How Revolut lost $23 million to a vulnerability in its system


Revolut has lost $23 million as cybercriminals have exploited a bug in the bank’s operation.

Revolut is one of the most popular and successful digital banking apps on the market. It offers its users a free Visa card, with which they can pay in any currency without commissions, and a series of innovative and attractive financial services.

However, the company has recently suffered a serious security incident that has cost it 23 million dollars. This situation occurred in 2021, but it has not been until now in the middle of 2023 that what has happened has been made public.

According to a Financial Times investigationRevolut was hacked in early 2021 by a group of cybercriminals that took advantage of a failure in their payment systems to make refunds after having made rejected transactions.

These refunds were then withdrawn by cybercriminals at ATMs, causing Revolut to lose this money. Furthermore, these criminal groups had started inciting more groups to make high-value purchases and then withdraw erroneous refunds.

The Revolut hack: what happened and how it was discovered

Despite recovering a very small fraction of that money by tracking down some of those involved, the fintech lost some $23 million net, equal to almost two-thirds of its annual net profit in 2021.

The flaw was first detected in late 2021 and escalated in early 2022, when criminals encouraged customers to make very high purchases that would later be rejected. These payments would later be withdrawn in cash via ATM redemption.

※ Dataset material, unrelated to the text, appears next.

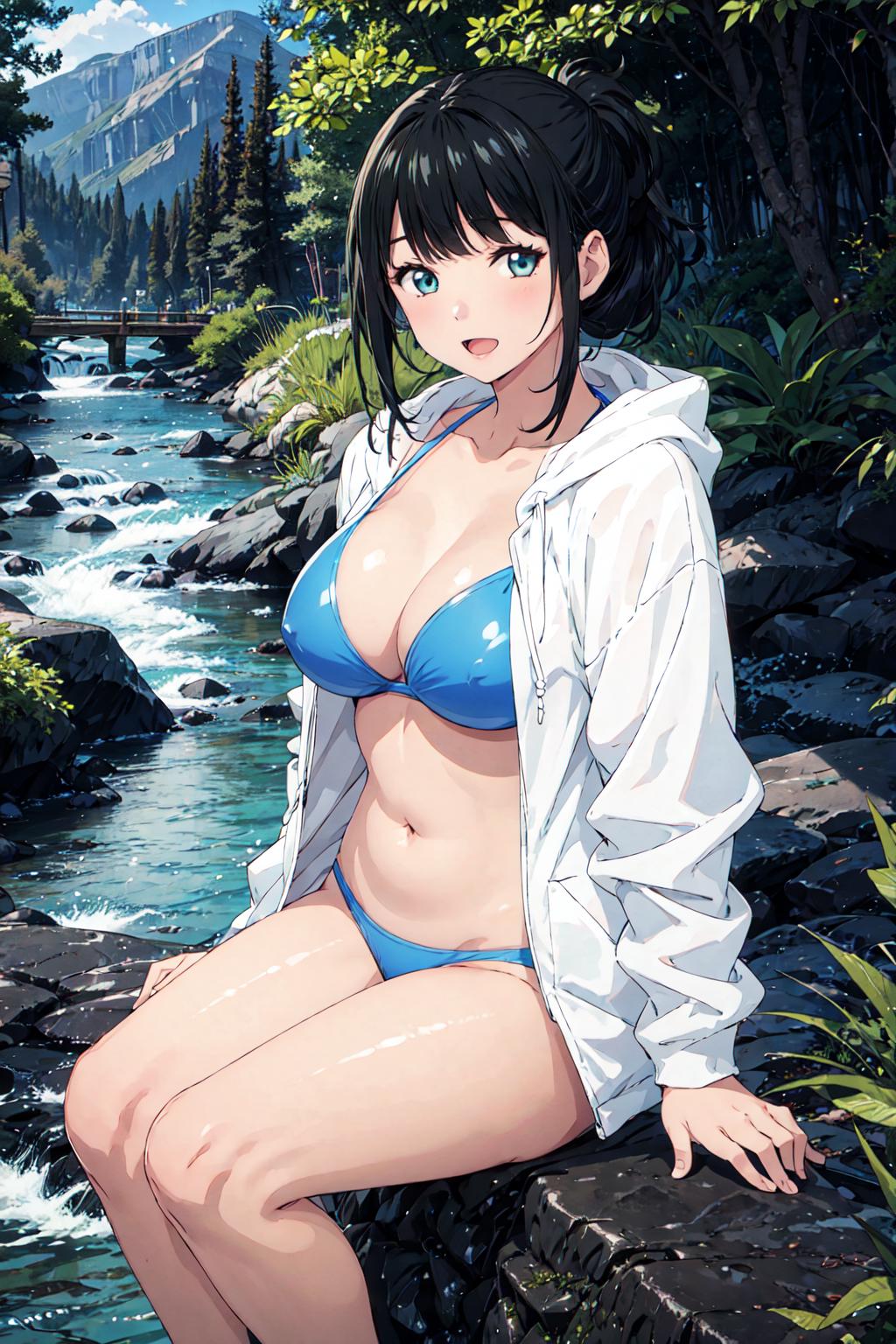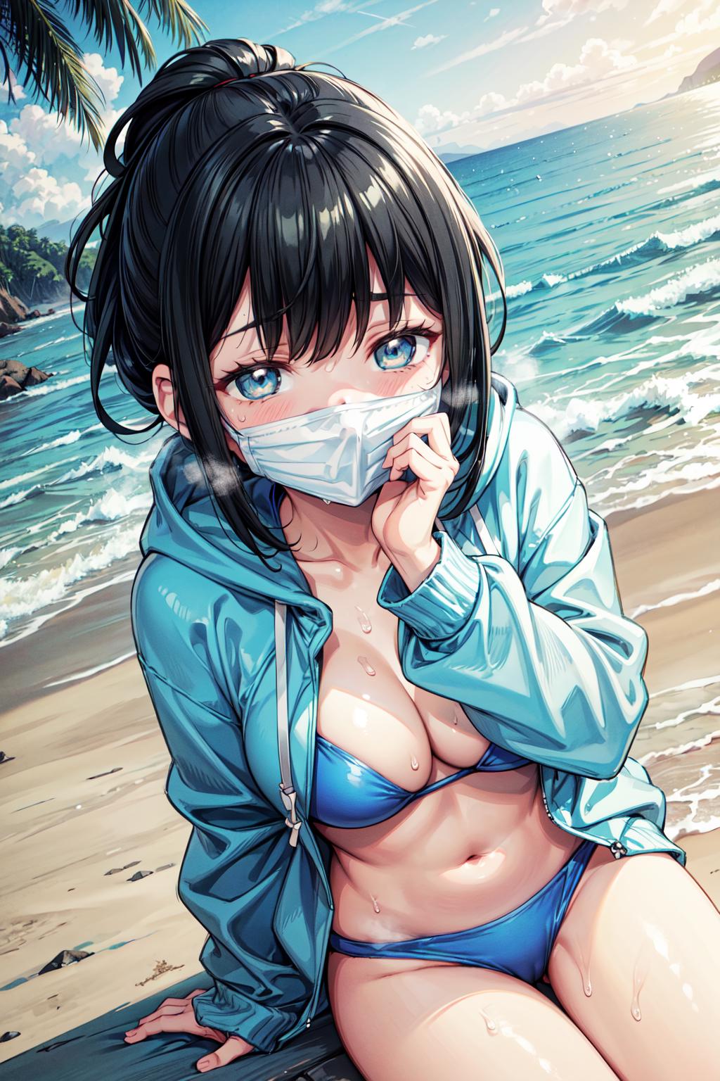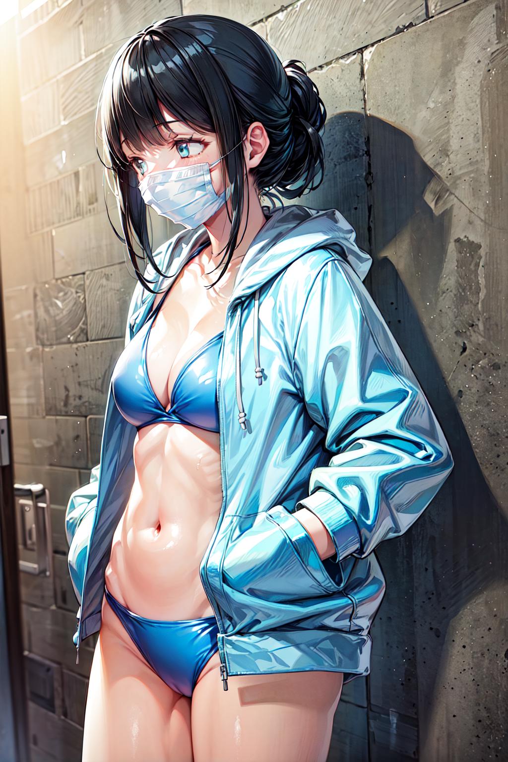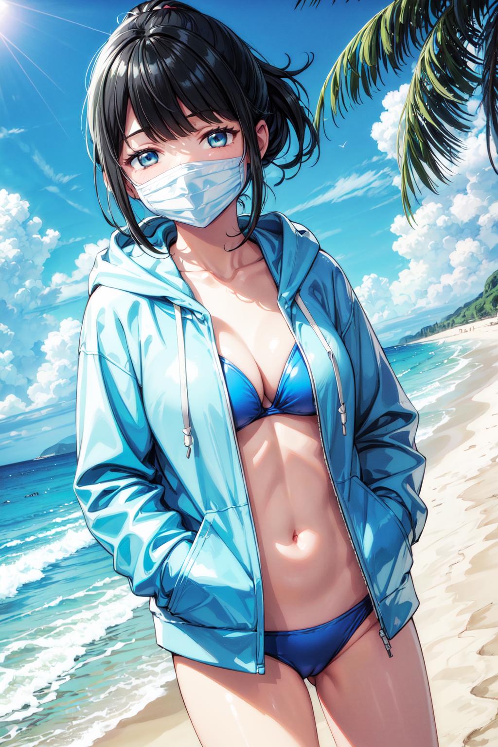 short hair, folded ponytail, swimsuit, blue bikini, hooded jacket

The fraud came from Revolut’s own funds and not from customer accounts, according to anonymous sources. The fintech’s internal controls were unable to stop the massive theft, and the problem was discovered when a partner bank in the US alerted the entity that it had less cash than expected, the Financial Times reported.

Given the seriousness of the events, which affect the reputation and security of the company, no spokesperson for the financial company has wanted to comment or give explanations. The loss from theft was not specifically reflected in the 2021 results.

The company has also seen a number of high-level workers leave in recent months, including the chief executive of its British bank, James Radford, and chief financial officer, Mikko Salovaara. Joel Kass, HR director and head of banking products for the UK bank, will also be leaving soon.